How do you put on a play about a village with just 13 students? Most cast members in “Teahouse of the August Moon” play several characters, then do all the set changes between acts. Front row, from left, are Austin Strickland, Troy Zapata and Tara Turpin. In the back row are, from left, Margret Lampe, Raechel Inbody and Ashley Deane. (Terry Boyd / S&S)

BAUMHOLDER, Germany — Anyone can call himself an actor, but Baumholder American High School’s theater program has higher standards.

Most of the 13 students brave enough to audition for the school production of “Teahouse of the August Moon,” didn’t merely learn their lines, they learned them in Japanese.

Acting means reaching the audience through emotion and body language to make certain “they know what we’re talking about,” even when they’re hearing dialogue in a different language, said Megan Winfree, 15, a sophomore who plays Higajiga.

Higajiga is one of the outspoken residents whom Okinawa Capt. Troy Fisby — the rather naive, well-intentioned hero of “Teahouse” — must deal in this East-meets-West comedy as Fisby presides over the post-World War II reconstruction of the island.

“Teahouse” is demanding for any trouper, especially one with a 13-student cast. Troy Zapata, the lone senior, plays the Fisby role.

A smiling Carol Rudd, the Baumholder drama teacher, said she prides herself on choosing plays “that make their lives miserable.”

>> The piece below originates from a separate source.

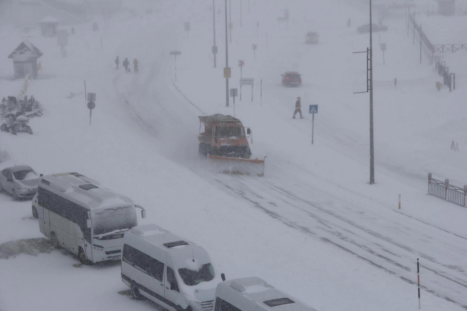 Yılbaşı tatili dolayısıyla merkezde yoğunluk yaşanırken, yerli ve yabancı turistler kar yağışı altında kayak, snowboard ve kızakla kayıyor.

What the Baumholder drama teacher means is that she picks plays that challenge on every level — dialogue sophistication, plot complexities and the challenges of doing a scene, then becoming the crew, and moving elaborate sets that the cast has designed and built.

To pull off “Teahouse,” her players learn Japanese, part of a device that sets up the comedy between Fisby and his wily interpreter Sakini (played by junior Tara Turpin) and the other Okinawans who want a teahouse, rather than the schoolhouse the Army thinks they should have.

To prepare, the cast added two weeks to the normal six-week rehearsal, using the extra time to work only in Japanese, “to get comfortable with the language,” to feel how it feels to speak it, said Rudd, who taught for seven years at Department of Defense Dependents Schools in the Pacific.

“We talked using (Japanese) words … we even sang ‘Happy Birthday’ in Japanese,” she said, giving a demonstration.

The script calls for Samantha Grarina, as Lotus Blossom the geisha, to learn pages of dialogue in Japanese, which is unrealistic, said Rudd. So Samantha and other students improvise from simple Japanese phrases into a faux-Japanese for extended scenes.

With Samantha winging it, her cues from Lotus Blossom “are different every night,” Tara said.

That means success hinges on learning the rhythm of the dialog rather than the words, and the pace of the scenes, said Tara and Zachary Splittstoesser, a sophomore who plays a Japanese man, a Japanese woman and an American psychiatrist.

And while the Japanese element is neat, players and director emphasize the play is the thing.

“I’ve been to high school plays I had to go to as a member of the community,” Rudd said. “This is a play people will want to see.”

The “Teahouse of the August Moon” plays Thursday and Friday night at 7 p.m. Tickets are $4 for adults, $2 for children.